How to import this HTML web to KNIME table?
Hi,
As @hmfa mentioned, the Webpage Retriever is probably your best bet to get the data into KNIME. Then you end up with your HTML as XML document. On this you can try this component from KNIME Hub: Table from XHTML – KNIME Community Hub to extract the table.
Kind regards,
Alexander
Hi @shafiqakib,
Could you share the HTML where you want to extract the table from? The node makes a few assumptions, such as that the data must be in elements without any child elements. If you could share the HTML, I could have a look how to adapt the component to your needs. You can also change the data in order to not share anything confidential, as long as the HTML structure stays the same.
Kind regards,
Alexander
This HTML that I am working on right now: https://exzellprofis.com/Customer_Data.htm
Hi @shafiqakib,
Thank you for the link. The problem is that this website builds the table dynamically from JavaScript. The Webpage Retriever only fetches the initial HTML and does not execute any JavaScript in the background.

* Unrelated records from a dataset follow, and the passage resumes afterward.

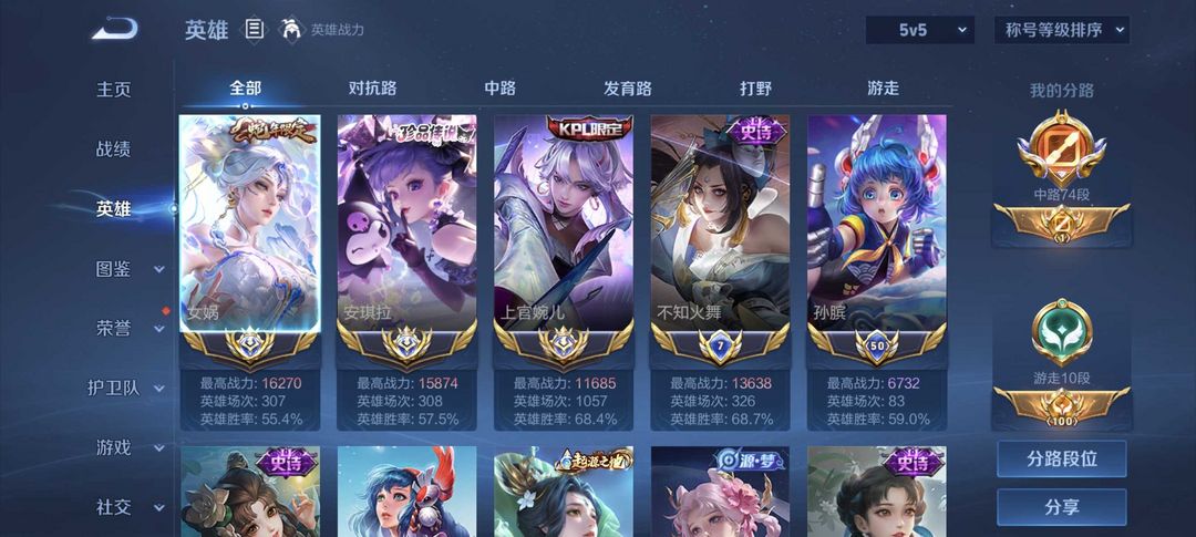 本周省在榜女娲孙膑市海月海诺⭐74段中路⭐历史大国服女娲安琪拉
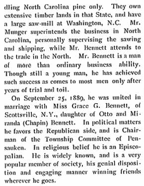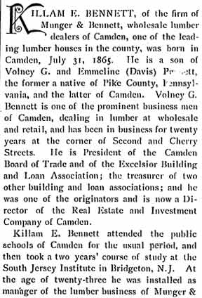 KILLAM EDGAR BENNETT was born on July 31, 1865 in Camden NJ, the eldest child of Volney G. and Emmeline Bennett. His father, Volney Bennett Sr., operated a large lumber business in Camden with George A. Munger. After completing his education at the age of 23, Killam Bennett joined the business, and succeeded George A. Munger as a member of the firm. His brother, Volney Bennett Jr. also took part in the business. Killam Bennett's early years were spent at 310 North 6th Street in Camden. After his marriage in September of 1889 to Grace Bennett, of Scottsville NY, Killam Bennett moved to "River avenue near Cooper avenue, n Cramer's Hill" according to the 1890-1891 Camden City Directory. Killam E. Bennett also was involved, along with William L. Hurley, George A. Munger, and Volney G. Bennett, in the incorporation of the Central Trust Company. This bank built a large building at 401 Federal Street, which is still standing. The bank advertised as "the most acceptable small bank known", catering to "women's accounts", and kept Saturday evening hours for workers unable to bank during the week. He was a member of the Camden Club, the Camden Rotary Club, and was past president of the Camden Chamber of Commerce. Like his father, Killam E. Bennett moved to Riverton NJ, where he spent the later years of his life. At the time of the 1930 census he lived at 605 Bank Street with his second wife, Leona. He passed away on September 18, 1933 after a brief illness. After many years in Camden, the family business, Volney G. Bennett Lumber, moved to Barrington NJ, where it remains in business today. |
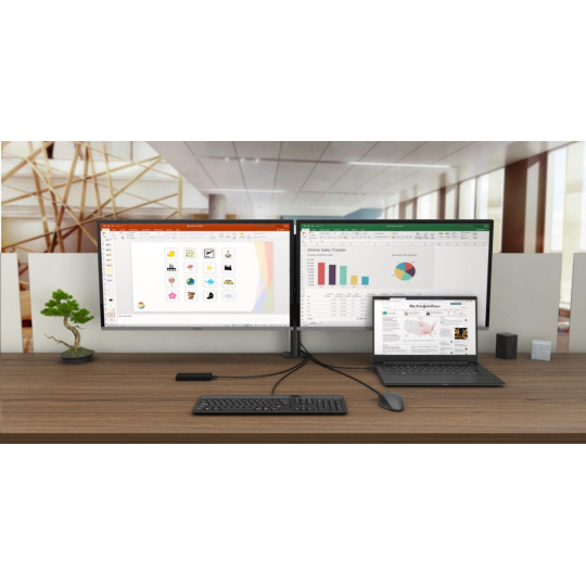 Kancelářská dokovací stanice USB-C, která podporuje až 2x externí monitor v rozlišení 4K. Stanice je kompatibilní s jakýmkoliv notebookem vybaveným portem USB-C nebo Thunderbolt 3. 6x USB port, spolehlivé a rychlé připojení do podnikové sítě díky integrovanému LAN portu, napájení až 100 W a podpora instalace za monitor, to vše z této dokovací stanice dělá ideálního společníka pro profesionály.
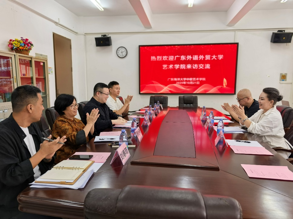 为深化校际交流与合作,介绍广东外语外贸大学艺术学院研究生培养情况,共促艺术学科高质量发展,10月20日至21日,广东外语外贸大学艺术学院院长王凯宏、副院长关雪仑、专硕教育中心主任肖楠楠一行,先后前往岭南师范学院、广东海洋大学开展调研交流活动,与两所高校相关学院展开深度对话。

That means the fetched HTML does not contain the table yet and you won’t be able to read it.
If you have a lot of these tables and really need to fully automate it, you probably have to use browser automation like Selenium to achieve your goals. However, when a tiny bit of manual work to extract the data from the website is ok, I usually go a different route. I will describe it here.
In your browser, open the page with the table and then open the browser’s developer tools. I am using Chrome, so I am going to describe my approach based on that, but it works in a similar fashion in other browsers, too. In Chrome, you can right-click the page and select “Inspect” to open the dev tools. Then switch to the Console tab of the dev tools and enter the following code:
var trs = Array.from(document.getElementsByTagName("table")[0].querySelectorAll("tr")).filter(r => r.getAttribute("height") != "0");
var column_names = Array.from(trs[0].querySelectorAll("td")).map(td => td.textContent);
var rows = trs.slice(1).map(tr => Array.from(tr.querySelectorAll("td")).slice(0, -1).map(td => td.textContent));
rows.map((row, i) => row.reduce((m, c, i) => ({...m, [column_names[i]]: c}), {}));
Unfortunately, this is not the same for each table, as websites do them differently. Your table, for example, has neither <thead>
nor <tbody>
elements and also does not use <th>
elements to represent header cells. It uses <td>
for everything. Additionally, the table has an empty column on the right and an empty row at the end.
My code in the first line first gets a reference to the first table in the document (document.getElementsByTagName("table")[0]
), then inside that it gets all <tr>
elements, which represent table rows (.querySelectorAll("tr")
). It then filters out rows with a height attribute that has the value 0, because those rows have no content in your example.
In the second line, I am getting a list of text content from the first row. I use the map() function for it. It is an array function in JavaScript, but since all the DOM query functions return a NodeList object, I use Array.from() a lot for conversion.
In the third row, I am getting all rows as arrays, so that the format is [[1, 2, 3], [4, 5, 6], ...]
: an array of arrays, where the inner arrays are the cells of each row. Here I use the slice() function to remove the first row (trs.slice(1)
) and the last column (Array.from(tr.querySelectorAll("td")).slice(0, -1)
).
In the last line of the code, I am building a JSON object that KNIME understands. I keep the array of the rows, but instead of the inner arrays, I have objects where the keys are the column names and the values are the column values. This is done using the reduce() function. Because I do not assign the result of this line to a variable, it will be printed to the console. It should look somewhat like this:
You can see that it has extracted 100 rows and when you click on the small triangle on the left, you can expand the object and see what it has created.
[
{"Customer↵ Record No": '1', Order Date: '05/01/2016', Customer Type: '2', Avg No. of orders per mo: '24', Avg days Order to delivery time: '38', …}
{"Customer↵ Record No": '2', Order Date: '05/01/2016', Customer Type: '3', Avg No. of orders per mo: '36.4', Avg days Order to delivery time: '42', …}
[...]
]
Now right-click the object in the console like in the screenshot below and select “copy object”. This copies a JSON representation of the result into your clipboard.
And finally, paste the clipboard content into the first cell of the Table Creator node in the workflow I attach below. It will unpack the JSON and make a KNIME table from it.
JSON Table.knwf (13.7 KB)
I know this might be a bit harder to understand than what you have asked for, but maybe it does help you with similar tables in the future. Good luck!
Kind regards,
Alexander
WOW very well explanation. Thank you so much for helping me
This topic was automatically closed 7 days after the last reply. New replies are no longer allowed.